ACTION ITEM
In the records below, find the line containing "Half-length portrait of" and the line containing "温かく心地よいダイニングスペ". Give again exactly those lines and every line between them, omitting the pictures.

RECORDS SUPPLIED

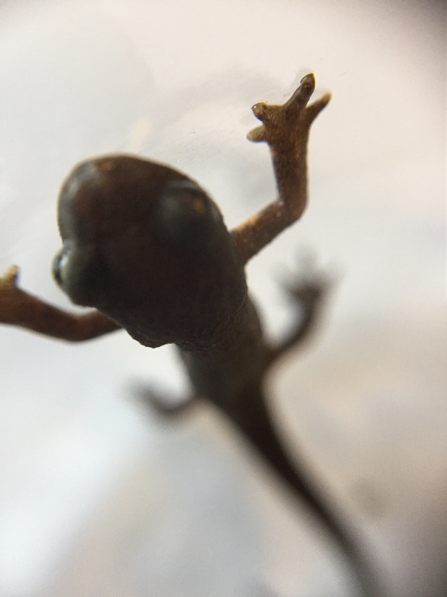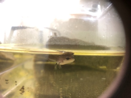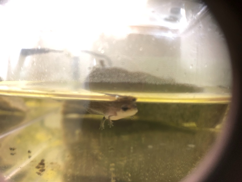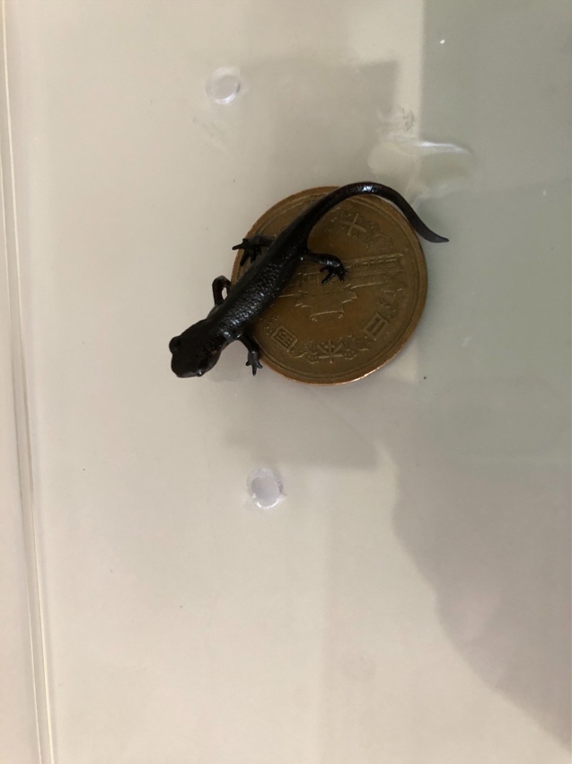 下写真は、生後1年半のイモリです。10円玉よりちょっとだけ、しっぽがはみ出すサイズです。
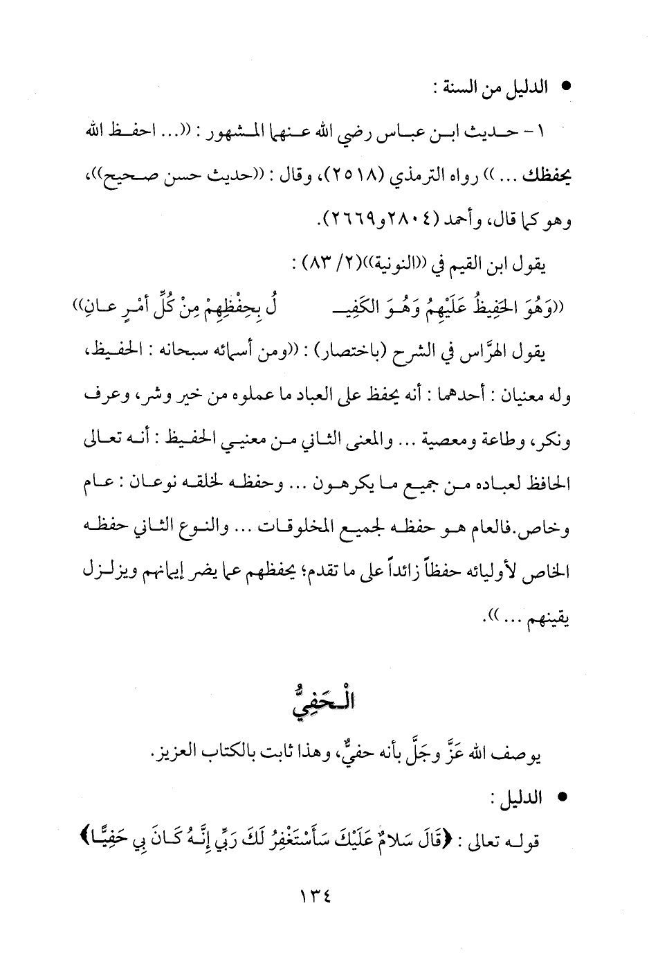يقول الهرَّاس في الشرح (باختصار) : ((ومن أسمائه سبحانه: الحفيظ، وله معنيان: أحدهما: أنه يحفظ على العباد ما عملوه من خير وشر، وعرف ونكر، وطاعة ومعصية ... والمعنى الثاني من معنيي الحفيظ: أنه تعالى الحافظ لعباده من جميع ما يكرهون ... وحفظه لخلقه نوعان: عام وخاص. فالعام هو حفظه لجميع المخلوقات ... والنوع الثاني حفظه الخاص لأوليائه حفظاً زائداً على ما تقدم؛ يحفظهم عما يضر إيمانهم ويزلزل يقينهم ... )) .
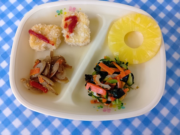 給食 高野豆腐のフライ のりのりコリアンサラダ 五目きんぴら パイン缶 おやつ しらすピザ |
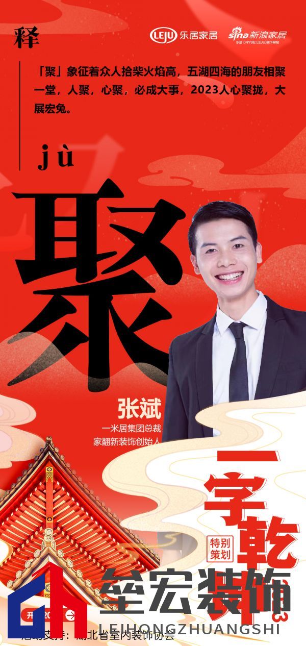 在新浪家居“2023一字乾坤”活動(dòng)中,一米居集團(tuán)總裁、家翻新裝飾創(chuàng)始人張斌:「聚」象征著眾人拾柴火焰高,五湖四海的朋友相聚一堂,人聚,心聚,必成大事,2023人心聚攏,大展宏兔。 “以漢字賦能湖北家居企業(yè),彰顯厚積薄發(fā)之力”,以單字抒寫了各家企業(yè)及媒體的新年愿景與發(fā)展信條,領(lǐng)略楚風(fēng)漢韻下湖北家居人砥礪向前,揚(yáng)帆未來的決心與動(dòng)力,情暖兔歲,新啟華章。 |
* * *
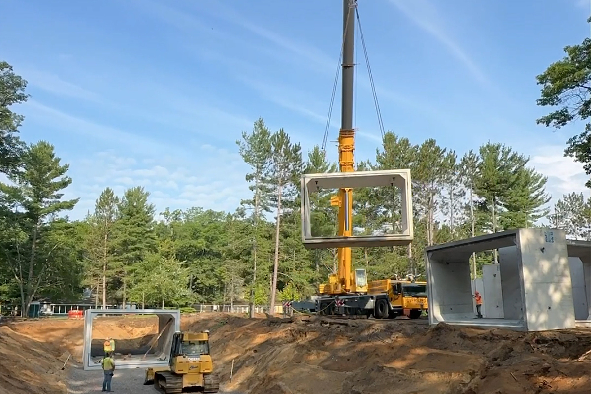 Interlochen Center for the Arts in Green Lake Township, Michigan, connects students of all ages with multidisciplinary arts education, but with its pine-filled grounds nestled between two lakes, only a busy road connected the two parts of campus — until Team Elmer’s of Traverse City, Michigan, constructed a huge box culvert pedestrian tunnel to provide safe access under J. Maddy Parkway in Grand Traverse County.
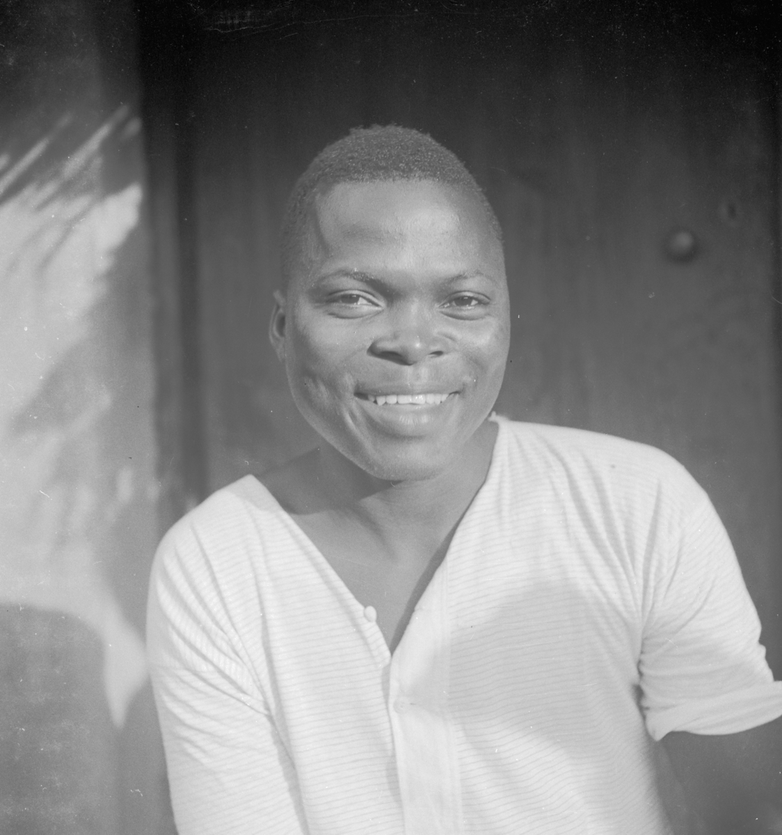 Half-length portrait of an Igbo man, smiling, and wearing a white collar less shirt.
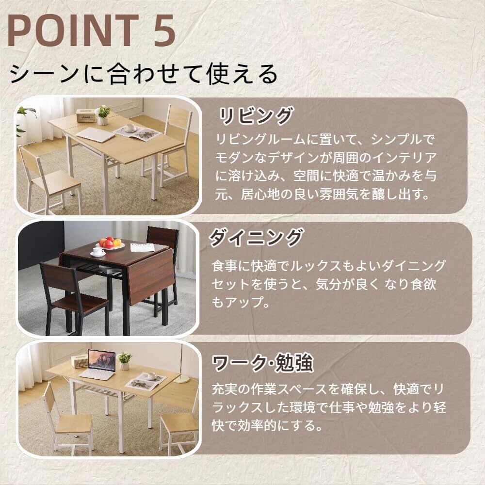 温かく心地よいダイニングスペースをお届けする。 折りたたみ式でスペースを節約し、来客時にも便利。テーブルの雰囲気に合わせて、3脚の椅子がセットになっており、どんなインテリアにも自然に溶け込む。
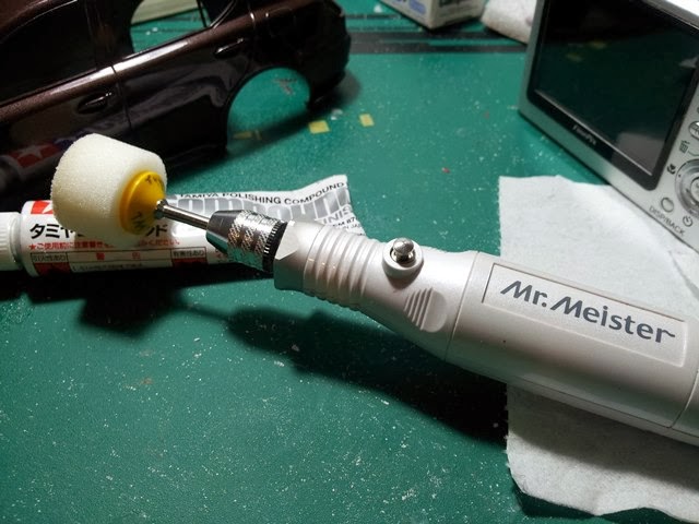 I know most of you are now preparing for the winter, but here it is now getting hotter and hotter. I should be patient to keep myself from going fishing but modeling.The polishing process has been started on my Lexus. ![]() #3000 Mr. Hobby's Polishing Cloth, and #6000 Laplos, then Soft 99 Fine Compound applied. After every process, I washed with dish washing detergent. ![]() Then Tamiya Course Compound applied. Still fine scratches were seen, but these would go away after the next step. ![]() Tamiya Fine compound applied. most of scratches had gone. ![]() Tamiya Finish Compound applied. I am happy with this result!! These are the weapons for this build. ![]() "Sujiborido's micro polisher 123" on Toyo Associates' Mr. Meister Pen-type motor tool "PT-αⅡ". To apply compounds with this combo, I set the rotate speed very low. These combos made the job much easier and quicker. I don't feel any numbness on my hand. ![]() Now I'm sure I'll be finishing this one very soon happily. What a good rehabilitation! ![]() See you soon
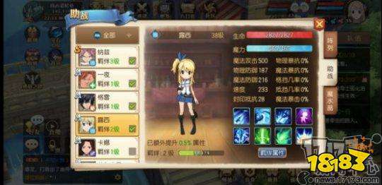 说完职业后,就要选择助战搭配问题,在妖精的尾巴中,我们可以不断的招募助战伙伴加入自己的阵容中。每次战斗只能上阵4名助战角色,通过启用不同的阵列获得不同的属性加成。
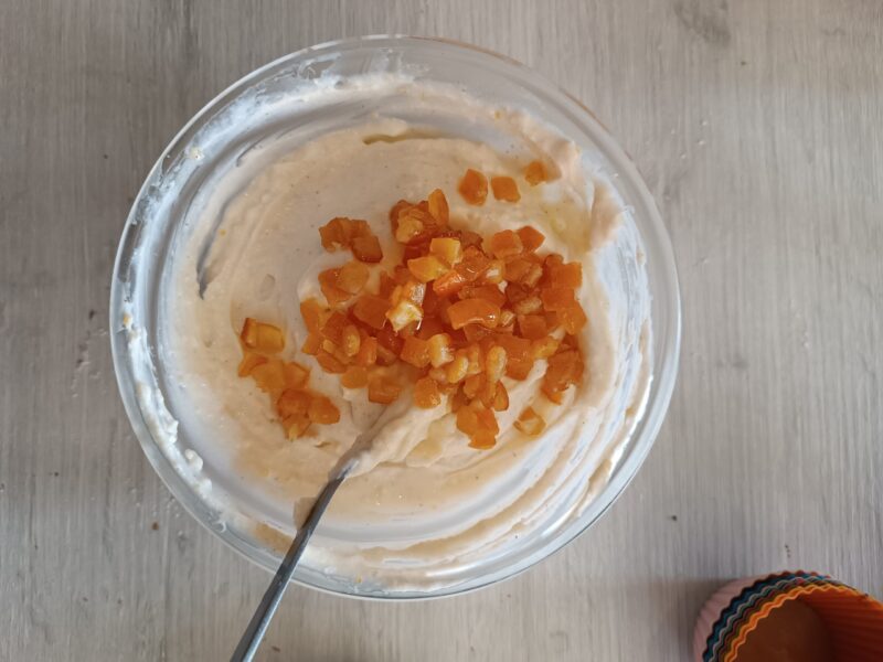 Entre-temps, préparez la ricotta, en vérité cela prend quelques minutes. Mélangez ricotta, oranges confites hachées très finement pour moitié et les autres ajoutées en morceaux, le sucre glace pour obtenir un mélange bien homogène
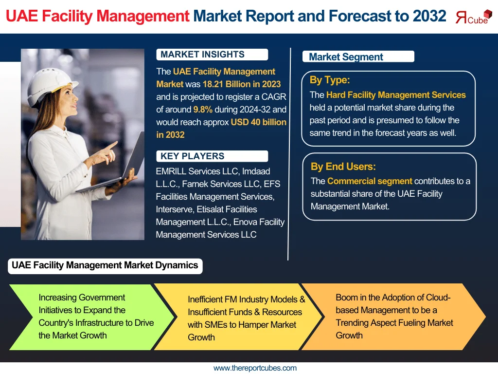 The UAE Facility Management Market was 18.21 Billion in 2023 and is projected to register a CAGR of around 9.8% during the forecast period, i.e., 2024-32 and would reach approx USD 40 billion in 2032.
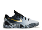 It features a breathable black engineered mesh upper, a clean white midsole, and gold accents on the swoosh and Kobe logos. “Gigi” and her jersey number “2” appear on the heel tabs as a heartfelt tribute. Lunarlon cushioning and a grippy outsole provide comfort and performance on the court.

ANSWER SECTION
 Half-length portrait of an Igbo man, smiling, and wearing a white collar less shirt.
 温かく心地よいダイニングスペースをお届けする。 折りたたみ式でスペースを節約し、来客時にも便利。テーブルの雰囲気に合わせて、3脚の椅子がセットになっており、どんなインテリアにも自然に溶け込む。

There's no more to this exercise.